Let us see what are the differences between a random effect model and a fixed effect model by looking at the data of this study, where the authors restricted the number of hours of a set of participants for ten days and analyzed the reaction time of the participants to a test. The dataset only includes the set of participants who only slept for three hours per night.

import pandas as pd
import numpy as np
import jax.numpy as jnp
import seaborn as sns
from matplotlib import pyplot as plt
import pymc as pm
import arviz as az
import pymc.sampling_jax as pmj
# replaced with pymc.sampling.jax in more recent versions

df = pd.read_csv('data/Reaction.csv')

rng = np.random.default_rng(42)
df.head()

	Unnamed: 0	X	Reaction	Days	Subject
0	1	1	249.56	0	308
1	2	2	258.705	1	308
2	3	3	250.801	2	308
3	4	4	321.44	3	308
4	5	5	356.852	4	308

Let us normalize the data before analyzing them, and let us assume

\[y_i = \alpha + \beta X_{i} + \varepsilon_i\]

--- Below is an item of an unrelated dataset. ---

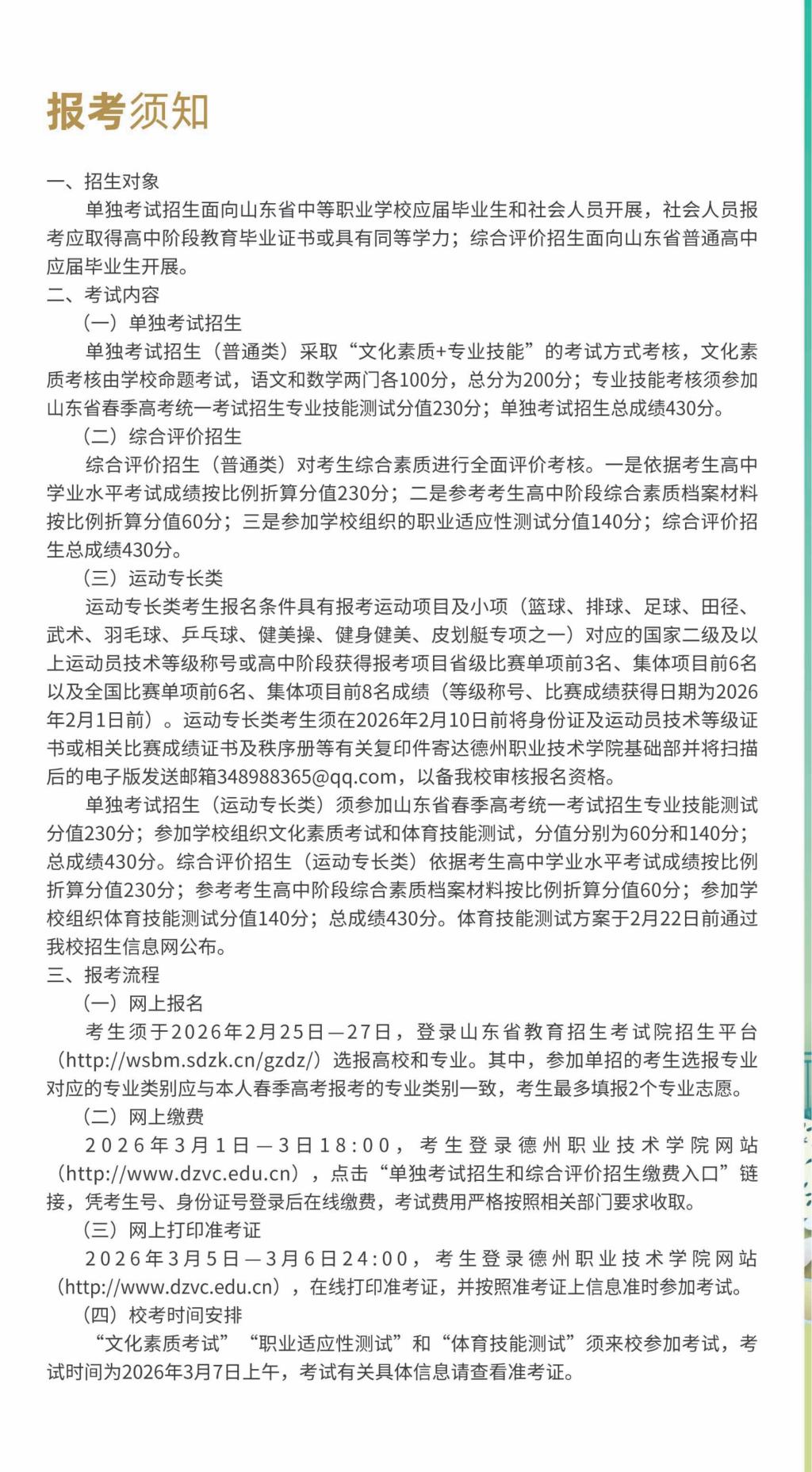 德州职业技术学院2026年高职(专科)单独考试招生和综合评价招生简章

df['y'] = (df['Reaction'] - mean)/df['Reaction'].std()
df['subj_id']=df['Subject'].map({elem: k for k, elem in enumerate(df['Subject'].drop_duplicates())})
df['intercept'] = 1
X_v = df[['intercept','Days']]
X_s = pd.DataFrame({'subj':df['subj_id'].drop_duplicates()})
coords = {'cols': X_v.columns, 'obs_id': X_v.index, 'subj_id': X_s.index, 'subj_col': X_s.columns}


with pm.Model() as model_fixed:
    alpha = pm.Normal('alpha', mu=0, sigma=500)
    beta = pm.Normal('beta', mu=0, sigma=500)
    sigma = pm.HalfNormal('sigma', sigma=500)
    yhat = pm.Normal('y', mu=alpha + beta*df['Days'], sigma=sigma, observed=df['y'])

with model_fixed:
    idata_fixed = pm.sample(nuts_sampler='numpyro', random_seed=rng)

az.plot_trace(idata_fixed)
fig = plt.gcf()
fig.tight_layout()

yfit = jnp.outer(idata_fixed.posterior['alpha'].values.reshape(-1), jnp.ones(len(df['Days'].drop_duplicates().values)))+jnp.outer(
    idata_fixed.posterior['beta'].values.reshape(-1), jnp.arange(len(df['Days'].drop_duplicates().values)))

fig = plt.figure()
ax = fig.add_subplot(111)
ax.fill_between(df['Days'].drop_duplicates().values, jnp.quantile(yfit, q=0.03, axis=0),jnp.quantile(yfit, q=0.97, axis=0),
               color='lightgray', alpha=0.8)
ax.plot(df['Days'].drop_duplicates().values, jnp.mean(yfit, axis=0))
sns.scatterplot(df, x='Days', y='y', hue='Subject', ax=ax)
ax.get_legend().remove()
fig.tight_layout()

The estimated trend agrees with the observed one, but our model fails to reproduce the observed variability despite the large prior variance. Let us now compare the previous model with a random effect model. In this model we will assume that each individual has his/her own intercept, which represents the response without sleeping restrictions, as well as his/her own slope, which represents the average change in performance after one day of sleep restrictions. We will fully leverage bayesian statistics, and assume that the parameters have a common prior. Another possible choice would have been to assume that each of them had a separate prior, but in this way we can share information across the individuals. We will also assume that the slope and the intercept are correlated.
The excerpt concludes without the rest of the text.